American credit rating agency Standard & Poor’s has affirmed Morocco’s long- and short-term local and foreign currency sovereign credit ratings at ‘BB+/B’ with positive outlook.
The agency said Morocco’s economy has proven resilient in the face of multiple shocks over the past five years, and maintained access to domestic and external financing.
“We believe that the continued implementation of socioeconomic and budgetary reforms will help formalize the economy further and make it more inclusive and competitive, thereby stimulating GDP growth and bringing down budget deficits, albeit gradually”, said the analysts of S&P Global ratings.
The country’s budget and current account deficits decreased more than we expected in 2023, to 4.4% and 0.6% of GDP, respectively, said the U.S. financial agency, noting that it expects fiscal consolidation to continue.
“We therefore revised our outlook on Morocco to positive from stable and affirmed our ratings at ‘BB+/B’”, underlined S&P, explaining that the positive outlook reflects its expectations that the North African Kingdom will build on its recent track record of implementing socioeconomic and budgetary reforms, paving the way for stronger and more inclusive growth, and a reduction in budget deficits.
According to the agency forecast, Morocco’s annual economic growth will accelerate and average 3.6% in 2024-2027 supported by robust exports and domestic demand, while the budget deficit will decline to 3% of GDP by 2027.
Inflation had become more broad-based, but will decelerate gradually to 3.6% in 2024 and approach 2.0% in 2027, from 6.1% in 2023. The Moroccan economy has weathered several global, regional, and local headwinds in recent years.These included the surge in energy and food prices tied to the Russia-Ukraine war, the COVID-19 pandemic, and multiple drought episodes. Nevertheless, it has maintained unfettered access to external and domestic financing.

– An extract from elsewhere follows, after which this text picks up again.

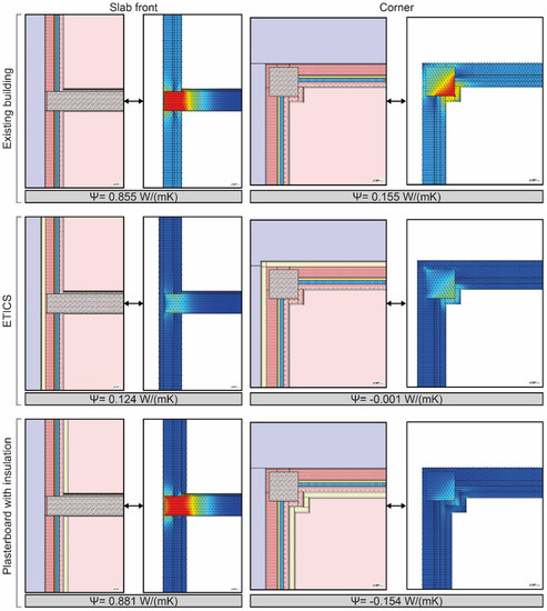 Thus study first assessed the linear thermal transmittance of the thermal bridges in the building. For this purpose, two-dimensional transitory simulations of the thermal bridges of both the slab front and the pillar located at the corner were performed, both with the original design of the building and with the two ECMs presented, thus obtaining the linear thermal transmittance. Figure 6 includes the results obtained from the simulation process of the thermal bridges. The building presented a major heat transmission in the thermal bridges that could contribute to a diminished energy performance of the building. The linear thermal transmittance of the slab front was 0.855 W/(mK), and that of the protruding corner with pillar, which would be a negative value in a case where there was no material of other thermal properties, was 0.155 W/(mK). These junctions therefore contributed to a greater building energy demand. If one of the two presented ECMs were used, their effects on the linear thermal transmittance of junctions would be different. On the one hand, the implementation of an ETICS in the building was an optimal solution to improve the thermal transmittance of the façade and to mitigate the linear thermal transmittance of the thermal bridges, obtaining a value of 0.124 W/(mK) in the slab front and −0.001 W/(mK) in the corner. On the other hand, the internal plasterboard had different tendencies in the two thermal bridges: the lowest linear thermal transmittance value was obtained in the corner, and the linear thermal transmittance value was increased in the slab front in comparison with the value obtained in the existing building. Although ETICS and the plasterboard resulted in a similar improvement of the thermal transmittance of the façade, their effects on the thermal bridges could lead to different energy performances.

In 2023, the number of tourist arrivals in Morocco was 12.3% above 2019 pre-pandemic, a better performance than the global average, despite the earthquake in the Marrakesh region in September 2023.
The current account deficit narrowed to 0.6% of GDP in 2023, against our previous estimate of 2.7%, partly reflecting the continued diversification in the economy; Morocco’s main export-oriented sectors are now tourism, automotive, and phosphates.

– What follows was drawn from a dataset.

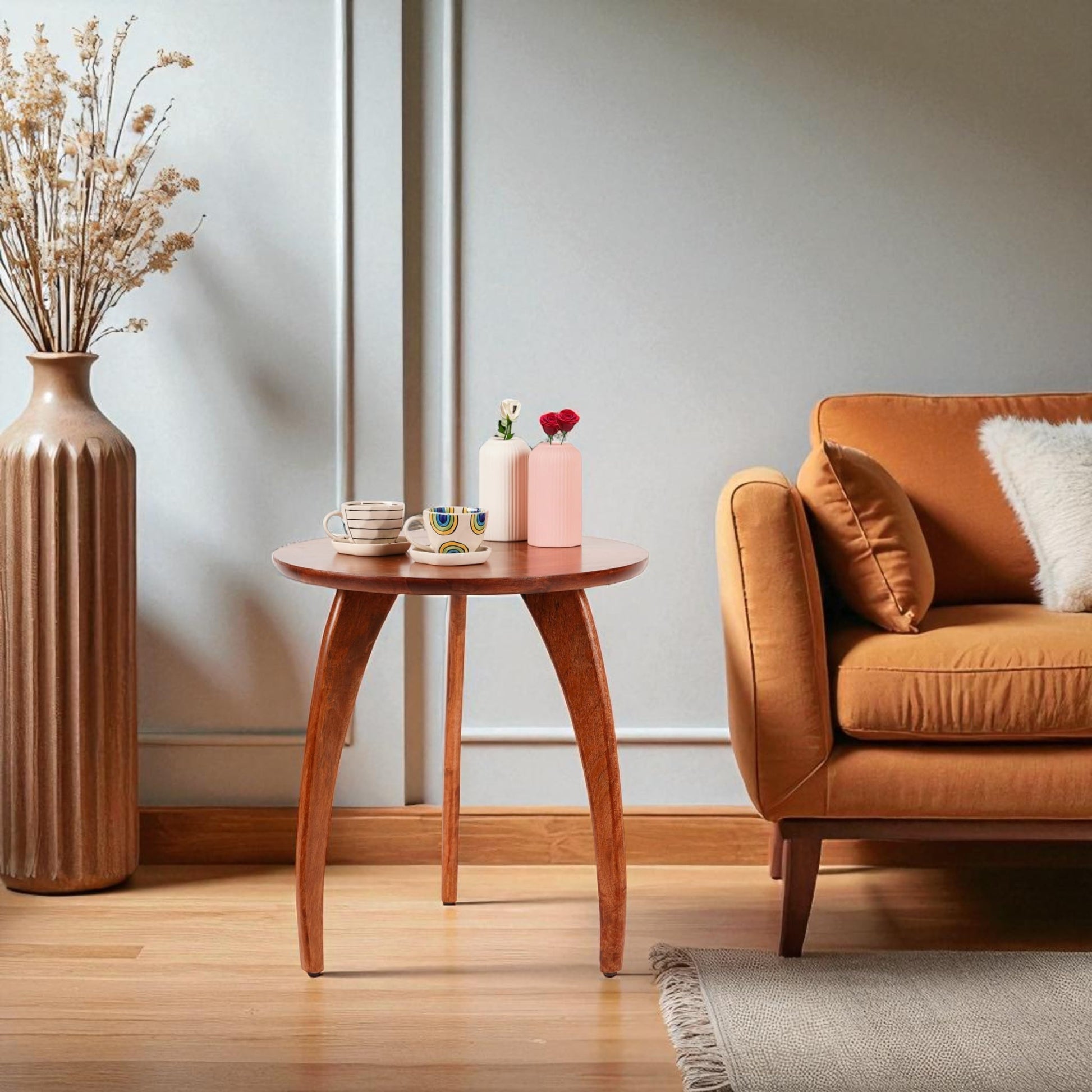 .Enhance your living space with this elegant round wooden coffee table crafted from premium mango wood. Designed as a stylish center table, it adds warmth and sophistication to any room.

According to S&P projections, the expansion of social protection, combined with increasing digitalization, will enable Morocco to formalize more of the economy and make it more inclusive, and eventually widen the tax base.
The number of people benefiting from the mandatory health insurance scheme has more than doubled since 2021. The Moroccan government also implemented a unified registry to better target households eligible for social support programs, and will undertake a population census in 2024.
A series of business-friendly reforms were carried out in Morocco in a bid to prioritize investment in water and energy, and the modernization of the legal, institutional, and regulatory framework.
The government amended the Investment Charter at the end of 2022; it aims to increase the share of both domestic and foreign private investment to two thirds of total investment by 2035, from approximately one third currently.